● Supplied data
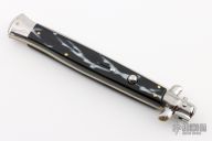 This 13" Picklock by Frank Beltrame features a flat ground blade. The handle has stainless steel bolsters, front and rear, black/white scales, brass liners, stainless spring. Excellent condition.
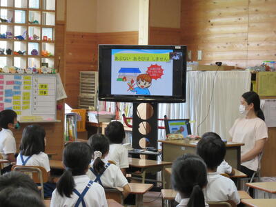 ※夏休みの生活面・健康面で注意してほしいことを担当の先生からパワーポイントを使って説明してもらいまし
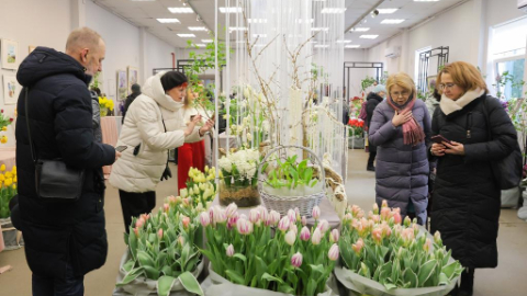 People visit flower show to celebrate upcoming International Women's Day in St. Petersburg, Russia
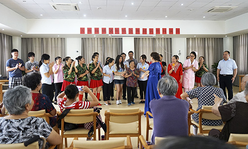 为了丰富长者们的文娱生活,进一步弘扬院内“尊老、敬老、爱老”的服务宗旨,2018年7月26日上海杨浦区bat365正版唯一官网长白老年福利院邀请了五角场镇老年协会舞蹈队在公寓内3号楼二层多功能厅为长者们进行了“舞动青春、歌伴夕阳”的慰问演出,演出人员共计15人,观看演出的长者有50余人。
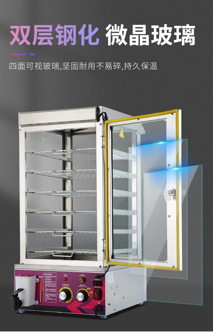 Hộp hơi thương mại điều lệ máy tính để bàn kính nhỏ thô và chín tủ cách nhiệt tủ bánh mì hấp tự động sử dụng kép
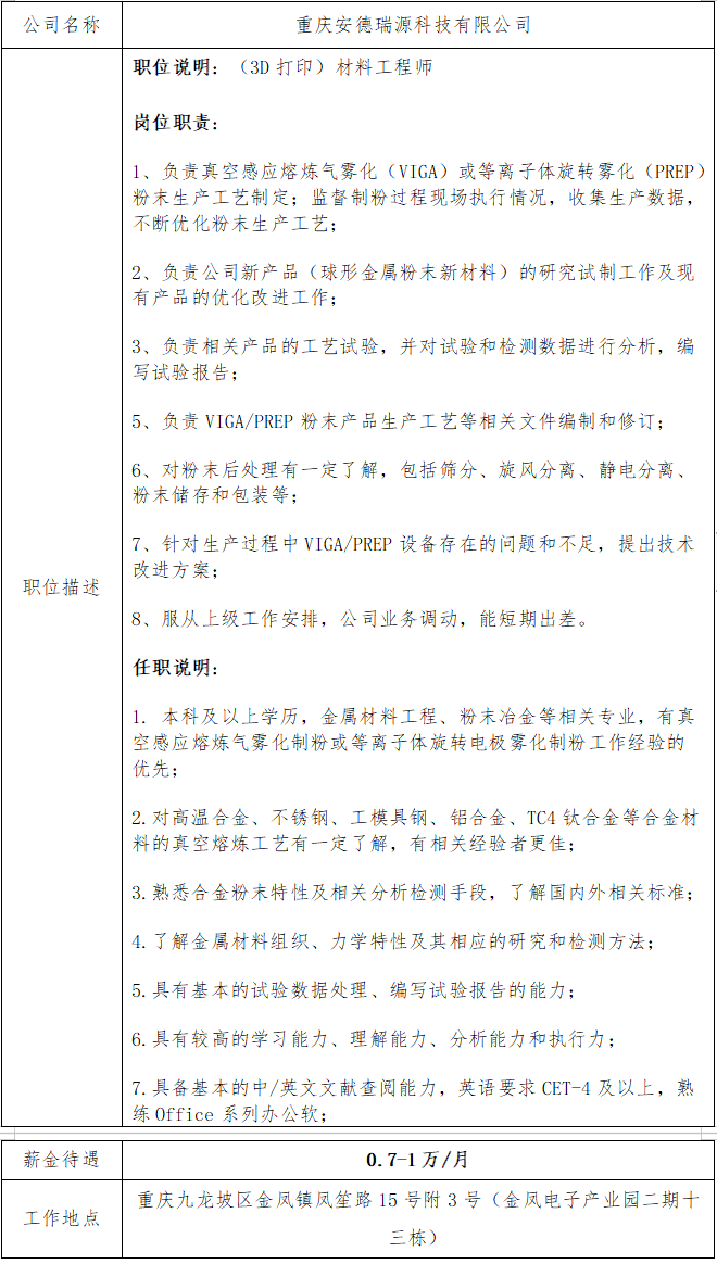 就业信息发布3月20日-重庆安德瑞源科技有限公司
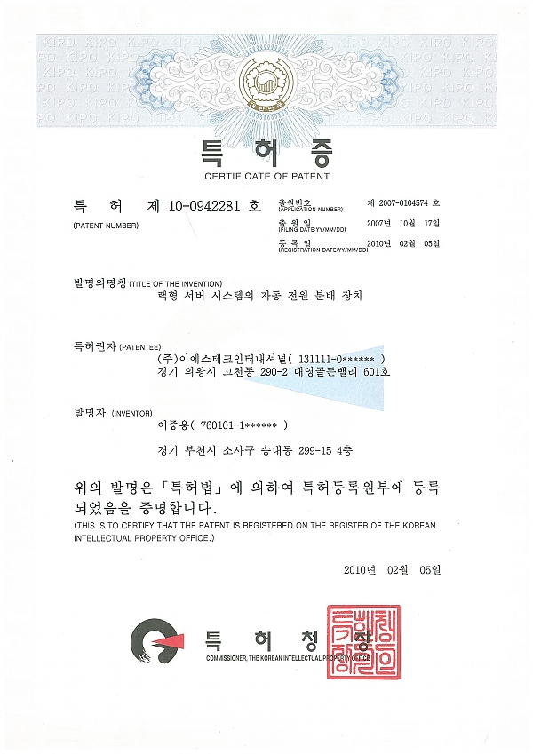 Patent - Automatic Power Distribution Device for Rack type Server System
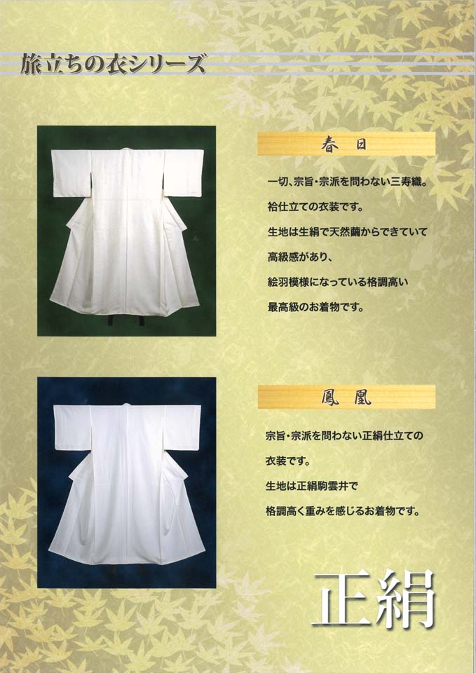 【春日】 一切、宗旨・宗派を問わない三寿織。給仕立ての衣装です。 生地は生絹で天然繭からできていて高級感があり、絵羽模様になっている格調高い最高級のお着物です。 【鳳凰】 宗旨・宗派を問わない正絹仕立ての衣装です。 生地は正絹駒雲井で格調高く重みを感じるお着物です。
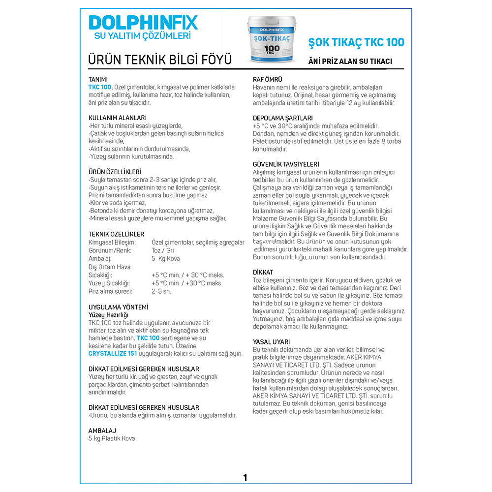 TANIMI : TKC 100, Özel çimentolar, kimyasal ve polimer katkılarla motifiye edilmis, kullanıma hazır, toz halinde kullanılan, âni priz alan su tıkacıdır.
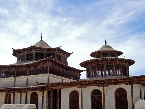 哈密回王陵由墓群和艾提尕爾清真寺(兩部分)組成。墓群原有土木結(jié)構(gòu)的大小拱拜六座,埋藏著歷代回王及其王妃,現(xiàn)剩兩座,最大的拱拜(墓葬)為七世回王伯錫爾、回王福晉以及八世回王莫合買特及其王妃、王族等40余人的墓。該拱拜高17.8米,下部呈長方形,東西長20米,南北寬15米。上為穹隆頂,墓門兩側(cè)塔柱中空,有臺(tái)階盤旋而上,可至墓頂。拱拜南側(cè),有木質(zhì)亭式拱拜2座。東部一座為九世回王沙木胡索特拱拜;西部一座為臺(tái)吉拱拜。九世回王拱拜底部正方形,邊長各15.5米,內(nèi)部以土坯壘砌伊斯蘭式的穹隆頂墓室,外部于垣墻內(nèi)及四周用亭柱支撐漢族亭樓木結(jié)構(gòu)的八角攢尖頂,建筑將墓室罩在其中,飛檐起脊,雕梁畫棟。這兩座木質(zhì)拱拜,版權(quán)所有山東聊城聊之旅國際旅行社有限公司,轉(zhuǎn)載必究!在建筑形式上,以伊斯蘭式的穹隆為基礎(chǔ),同時(shí)吸收了內(nèi)地八角攢尖頂及蒙古式盔頂?shù)哪举|(zhì)結(jié)構(gòu)建筑形式,將多種風(fēng)格融為一體,在新疆的伊斯蘭陵墓建筑,極具特色,是中原文化、蒙古文化和伊斯蘭文化相融合的產(chǎn)物。
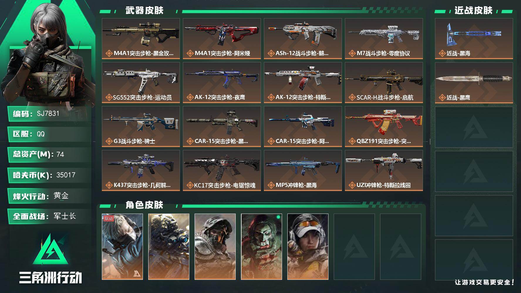 TD10744/QQ区/可二次/钱包注销/【总资产:196.3M+S7顶级安全箱+近战北极星黑海+M7战斗步枪-棱镜攻势S2(优品S)+骇爪维什戴尔+骇爪水墨云图+红狼蚀金玫瑰+蜂医送葬人无题密令+无名夜鹰+红狼电锯惊魂+深蓝不破誓约】哈夫币:101W,武器皮肤264;烽火60级:黑鹰Ⅳ,战场:尉官Ⅳ,【安全箱】S7顶级安全箱;【特勤处等级】仓库LV.9,靶场LV.7,训练中心LV.7;【捆绑包8】黑海捆绑包,北极星捆绑包,维什戴尔捆绑包,鹅鸭杀捆绑包,蚀金玫瑰捆绑包,电锯惊魂干员捆绑包,特斯拉线圈捆绑包,捞点薯条捆绑包;【干员皮肤7】骇爪维什戴尔,骇爪水墨云图,红狼蚀金玫瑰,蜂医送葬人无题密令,无名夜鹰,红狼电锯惊魂,深蓝不破誓约;【典藏皮肤】M7战斗步枪-棱镜攻势S2(优品S);【近战皮肤】近战武器-黑海,近战武器-北极星,近战武器-黑鹰;【步枪皮肤】M7战斗步枪-棱镜攻势S2,M4A1突击步枪-阿米娅,M4A1突击步枪-蚀金玫瑰,ASh-12战斗步枪-鹅鸭杀,SG552突击步枪-运动员,AK-12突击步枪-夜鹰,AK-12突击步枪-特斯拉线圈,SCAR-H战斗步枪-启航,SCAR-H战斗步枪-水墨云图,CAR-15突击步枪-阿米娅,CAR-15突击步枪-黑鹰坠落,腾龙突击步枪-捞点薯条,K437突击步枪-北极星,KC17突击步枪-电锯惊魂,K416突击步枪-潜袭者,AKM突击步枪-林中猎手,ASh-12战斗步枪-守夜人,ASh-12战斗步枪-无极限,M16A4突击步枪-竞赛选手,AUG突击步枪-蝮蛇,SG552突击步枪-尖端治疗,SG552突击步枪-深海恐惧,SCAR-H战斗步枪-囚徒,G3战斗步枪-哈夫克警备,G3战斗步枪-流沙送葬,PTR-32突击步枪-英雄,PTR-32突击步枪-工业狂潮,ASVal突击步枪-尖端治疗,ASVal突击步枪-典狱官,ASVal突击步枪-百步穿杨,腾龙突击步枪-无垢,腾龙突击步枪-猎鳄行动,K437突击步枪-守护者;【冲锋枪皮肤】MP5冲锋枪-黑海,UZI冲锋枪-特斯拉线圈,SMG-45冲锋枪-骑士,SR-3M紧凑突击步枪-特斯拉线圈,勇士冲锋枪-能天使-午夜邮差,QCQ171冲锋枪-北极星,QCQ171冲锋枪-鹅鸭杀,SMG-45冲锋枪-飓风行动,Vector冲锋枪-潜袭者,MP5冲锋枪-深海恐惧,MP5冲锋枪-战术竞备,MP5冲锋枪-竞技风,P90冲锋枪-紧急戒备,SR-3M紧凑突击步枪-荒野求生,SR-3M紧凑突击步枪-战术竞备,勇士冲锋枪-深海恐惧,勇士冲锋枪-工业狂潮,MP7冲锋枪-无垢,MP7冲锋枪-守护者;【射手步枪皮肤】M14射手步枪-电锯惊魂,Mini-14射手步枪-守护者,SVD狙击步枪-阿萨拉工艺,SVD狙击步枪-暗夜猎手,SVD狙击步枪-荒野求生,M14射手步枪-黑鹰坠落,SR-25射手步枪-尖端治疗,PSG-1射手步枪-无垢;【狙击步枪皮肤】R93狙击步枪-维什戴尔,AWM狙击步枪-捞点薯条,SV-98狙击步枪-林中猎手,SV-98狙击步枪-囚徒,SV-98狙击步枪-猎鳄行动,M700狙击步枪-竞技风,M700狙击步枪-蝮蛇,M700狙击步枪-守夜人,AWM狙击步枪-无极限;【霰弹枪皮肤】725双管霰弹枪-送葬人-无题密令,M870霰弹枪-飓风行动,M1014霰弹枪-林中猎手,S12K霰弹枪-曙光;【轻机枪皮肤】M250通用机枪-骑士之心,QJB201轻机枪-黑海,QJB201轻机枪-鹅鸭杀,PKM通用机枪-守夜人,PKM通用机枪-荒野求生,QJB201轻机枪-OldHabits;【手枪皮肤】93R-捞点薯条,.357左轮-幸运时刻,沙漠之鹰-曙光;【复合弓皮肤】复合弓-黑-天际线,复合弓-守护者;【挂饰29】毁灭之源,窃风密探,牛角威龙,麦小鼠,火箭玫瑰,麦小鼠,牛角威龙,挂饰-蚀金玫瑰,挂饰-黑海,挂饰-黑,挂饰-维什戴尔,挂饰-北极星,挂饰-能天使,挂饰-三联装手炮,挂饰-磁吸炸弹,挂饰-枪匠,挂饰-彩蛋,挂饰-小羊,挂饰-特斯拉线圈,挂饰-阿米娅,挂饰-来点薯条,挂饰-晶石幻想,挂饰-大白鹅,挂饰-启程,诡影狙击兵,暗行哨兵,崩岩重炮;【载具25】M1A4坦克-烈焰,步战车-警戒线,轮式突击炮-荣耀,步战车-鳄鳄出击,步战车-钢铁洪流,轮式突击炮-钢铁洪流,步战车-地平线,步战车-几何碎片,步战车-生命线,防空车-生命线,M1A4坦克-哈夫克重工,防空车-斑马,轮式突击炮-巅峰竞赛,GTQ35坦克-巅峰竞赛,突击直升机-原始伪装,侦察直升机-巅峰竞赛,全地形车-森林迷彩,防空车-赤色军团,M1A4坦克-护林人,轮式突击炮-护林人,突击车-寒梅,轮式突击炮-寒梅,GTQ35坦克-寒梅,M1A4坦克-战痕,突击直升机-寒梅;【货币】5三角币,155三角卷
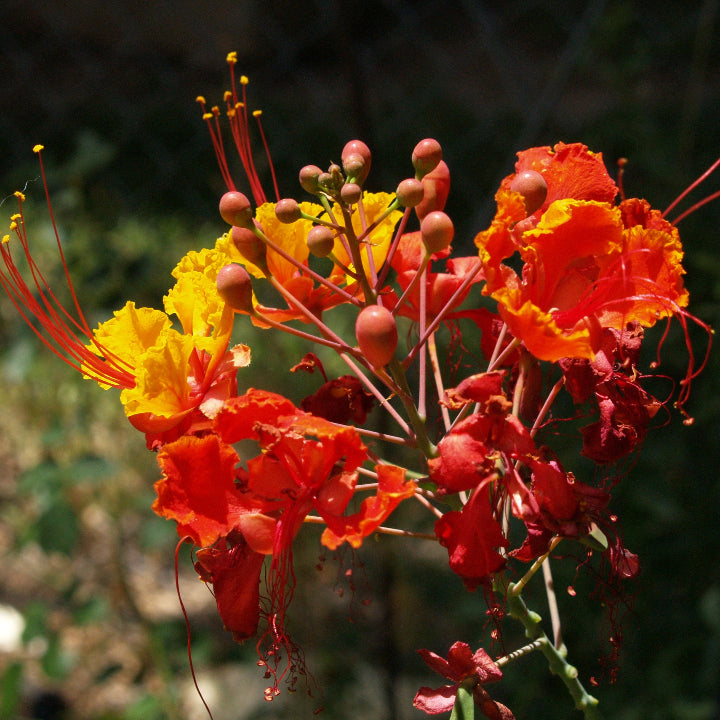 Bring vibrant tropical beauty to your garden with Pride of Barbados (Caesalpinia pulcherrima), also known as the Red Bird Flower. This striking plant is admired for its fiery red-orange blossoms accented with long, elegant stamens. Perfect for adding bold color to borders, landscape focal points, or large containers, the Pride of Barbados thrives in warm climates and is valued as a long-blooming ornamental.

● Exercise goal
Retype only the lines above from the one with "Patent - Automatic" through the one with "TANIMI : TKC", exactly and with both ends. Images stay out.

● Problem solution
 Patent - Automatic Power Distribution Device for Rack type Server System
 【春日】 一切、宗旨・宗派を問わない三寿織。給仕立ての衣装です。 生地は生絹で天然繭からできていて高級感があり、絵羽模様になっている格調高い最高級のお着物です。 【鳳凰】 宗旨・宗派を問わない正絹仕立ての衣装です。 生地は正絹駒雲井で格調高く重みを感じるお着物です。
 TANIMI : TKC 100, Özel çimentolar, kimyasal ve polimer katkılarla motifiye edilmis, kullanıma hazır, toz halinde kullanılan, âni priz alan su tıkacıdır.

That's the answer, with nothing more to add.